- [Task to complete]: In the records below, find the line with "(компл. 2шт) арт.1LEDT5", then retype it and every following line exactly, stopping after the line with "客廳里藍色的天鵝絨沙發(fā". Leave the pictures out.

- [Dataset excerpts]:

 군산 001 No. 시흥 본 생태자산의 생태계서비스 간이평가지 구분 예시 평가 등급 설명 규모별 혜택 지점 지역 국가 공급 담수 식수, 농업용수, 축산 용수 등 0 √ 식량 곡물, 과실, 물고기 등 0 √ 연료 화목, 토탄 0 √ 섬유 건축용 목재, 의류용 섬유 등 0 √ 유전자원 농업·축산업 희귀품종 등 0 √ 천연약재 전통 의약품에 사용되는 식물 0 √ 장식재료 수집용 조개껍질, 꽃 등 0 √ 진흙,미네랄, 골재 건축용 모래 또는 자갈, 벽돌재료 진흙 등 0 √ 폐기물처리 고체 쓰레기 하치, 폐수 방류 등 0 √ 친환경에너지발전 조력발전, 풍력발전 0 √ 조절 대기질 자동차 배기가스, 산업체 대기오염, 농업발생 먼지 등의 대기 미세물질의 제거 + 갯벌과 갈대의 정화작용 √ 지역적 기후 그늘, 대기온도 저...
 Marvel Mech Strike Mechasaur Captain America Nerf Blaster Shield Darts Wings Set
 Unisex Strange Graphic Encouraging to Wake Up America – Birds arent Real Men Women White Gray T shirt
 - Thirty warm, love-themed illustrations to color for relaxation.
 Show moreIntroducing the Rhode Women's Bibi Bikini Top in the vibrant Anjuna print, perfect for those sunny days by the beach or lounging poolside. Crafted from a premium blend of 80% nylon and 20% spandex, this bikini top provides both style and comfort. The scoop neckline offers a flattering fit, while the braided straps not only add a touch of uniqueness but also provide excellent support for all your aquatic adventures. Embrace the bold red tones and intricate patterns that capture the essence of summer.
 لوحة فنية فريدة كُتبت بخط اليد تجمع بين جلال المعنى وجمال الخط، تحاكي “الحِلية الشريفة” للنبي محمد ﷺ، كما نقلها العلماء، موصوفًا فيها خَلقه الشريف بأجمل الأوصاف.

* * *

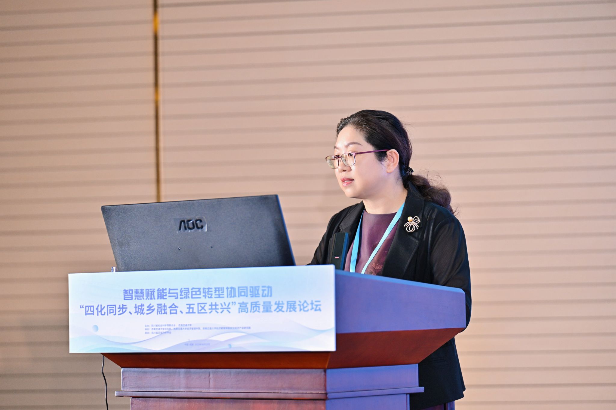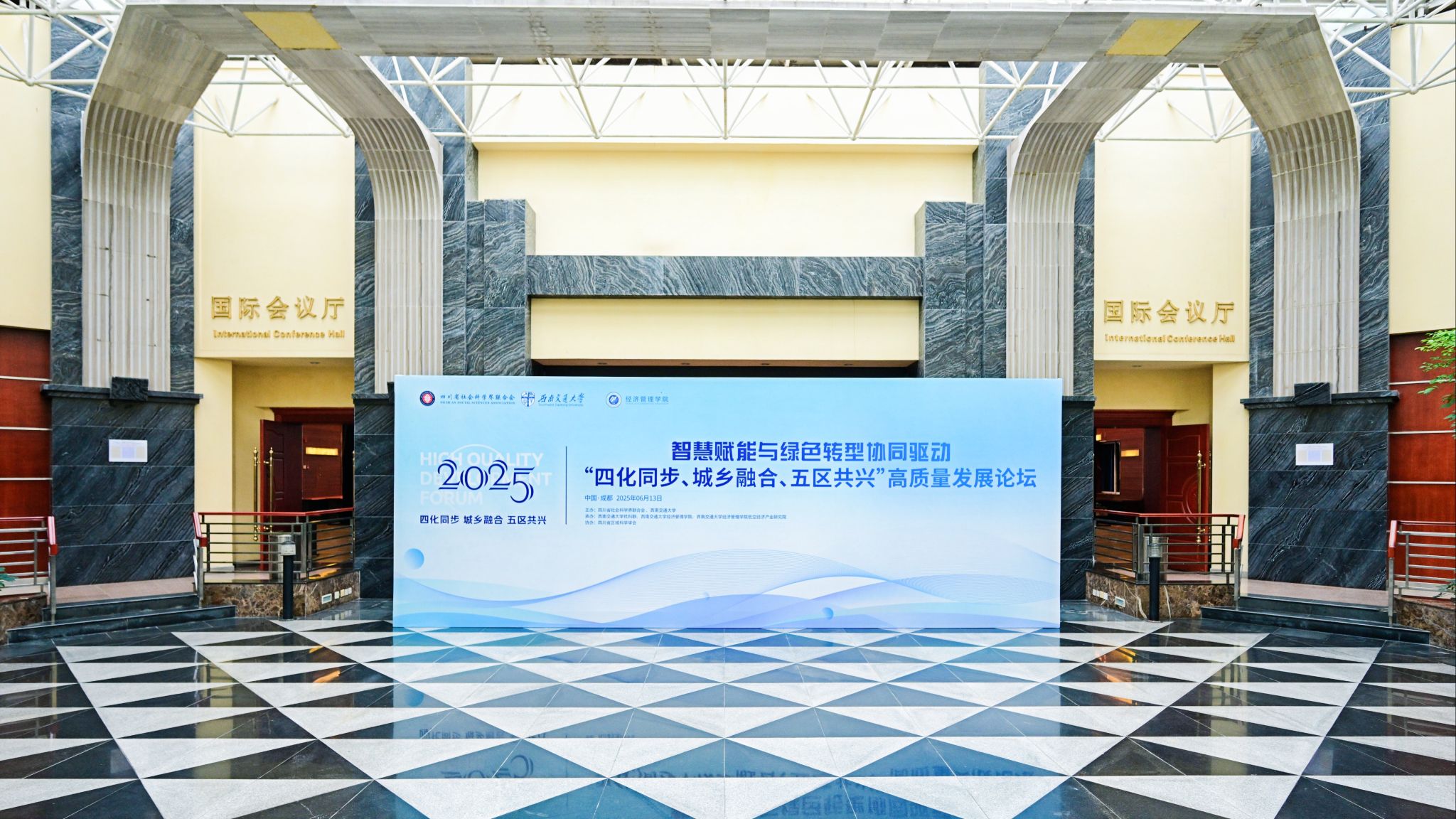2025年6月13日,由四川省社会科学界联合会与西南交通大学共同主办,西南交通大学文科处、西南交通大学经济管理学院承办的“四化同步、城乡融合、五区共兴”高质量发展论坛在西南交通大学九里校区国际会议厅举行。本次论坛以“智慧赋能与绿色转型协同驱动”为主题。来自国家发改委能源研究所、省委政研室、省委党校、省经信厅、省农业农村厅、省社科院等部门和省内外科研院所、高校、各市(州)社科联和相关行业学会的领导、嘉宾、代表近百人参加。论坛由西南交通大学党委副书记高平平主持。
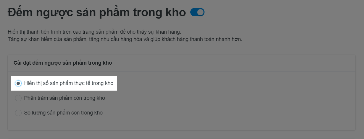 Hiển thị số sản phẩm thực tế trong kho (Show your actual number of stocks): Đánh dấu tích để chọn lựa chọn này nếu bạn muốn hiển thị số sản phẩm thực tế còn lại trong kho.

---

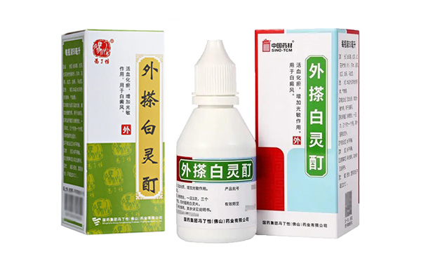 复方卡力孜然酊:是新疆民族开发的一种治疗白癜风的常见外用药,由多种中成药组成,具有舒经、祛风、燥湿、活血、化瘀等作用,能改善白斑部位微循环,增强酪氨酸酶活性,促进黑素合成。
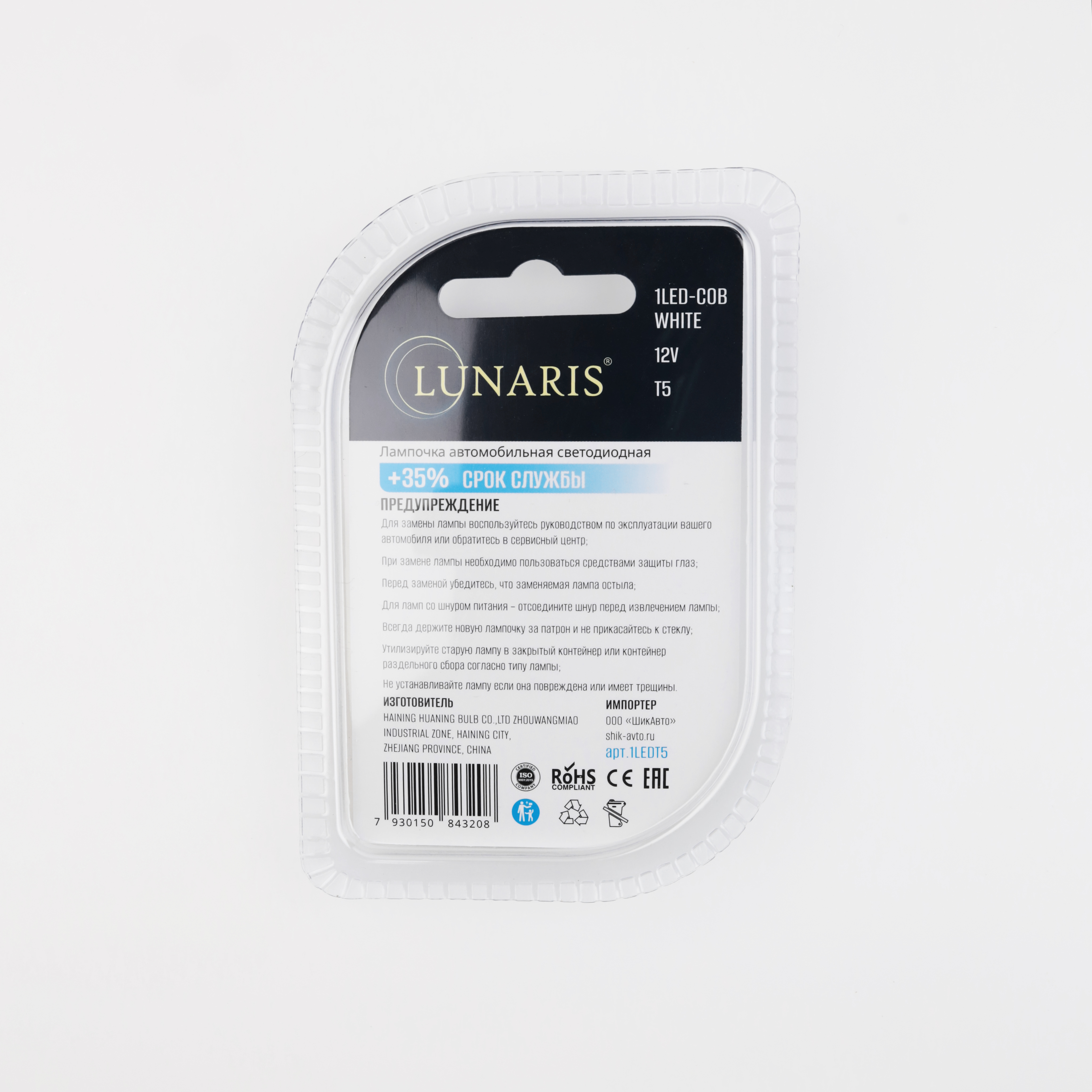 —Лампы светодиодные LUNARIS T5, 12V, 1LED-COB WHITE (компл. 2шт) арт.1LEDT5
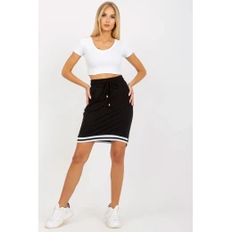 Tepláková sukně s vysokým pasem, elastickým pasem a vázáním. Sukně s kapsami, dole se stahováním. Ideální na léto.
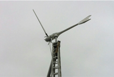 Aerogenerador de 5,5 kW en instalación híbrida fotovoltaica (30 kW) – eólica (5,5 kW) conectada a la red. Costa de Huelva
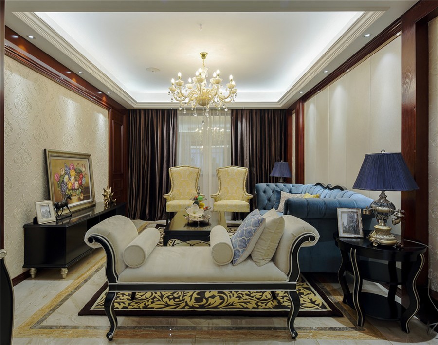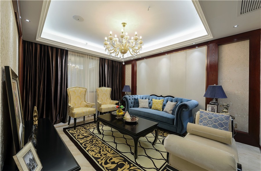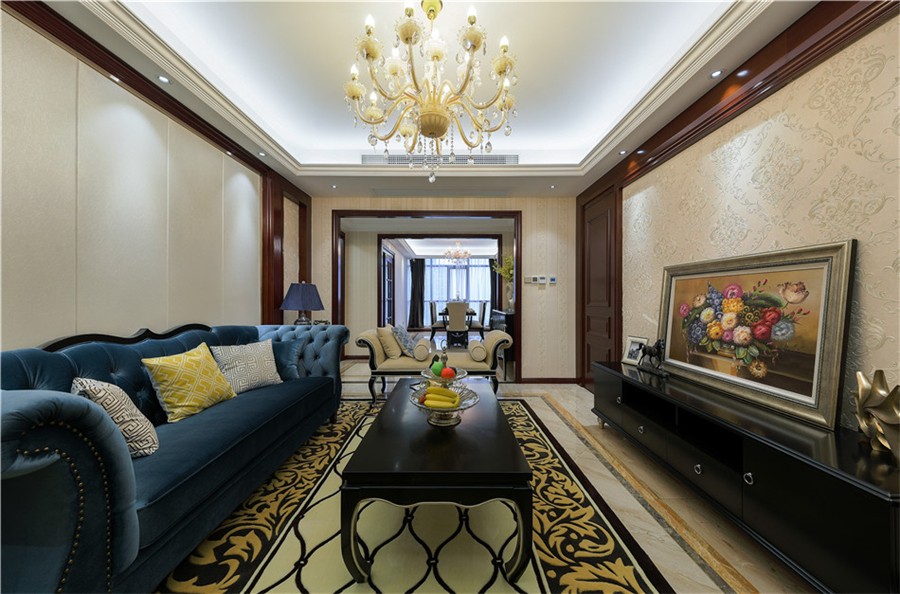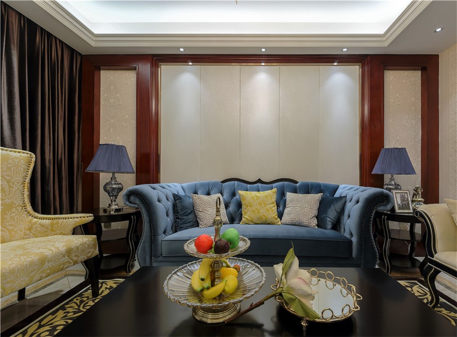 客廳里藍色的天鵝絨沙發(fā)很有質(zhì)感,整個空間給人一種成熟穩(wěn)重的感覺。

- [Written answer]:
 —Лампы светодиодные LUNARIS T5, 12V, 1LED-COB WHITE (компл. 2шт) арт.1LEDT5
 Tepláková sukně s vysokým pasem, elastickým pasem a vázáním. Sukně s kapsami, dole se stahováním. Ideální na léto.
 Aerogenerador de 5,5 kW en instalación híbrida fotovoltaica (30 kW) – eólica (5,5 kW) conectada a la red. Costa de Huelva
 客廳里藍色的天鵝絨沙發(fā)很有質(zhì)感,整個空間給人一種成熟穩(wěn)重的感覺。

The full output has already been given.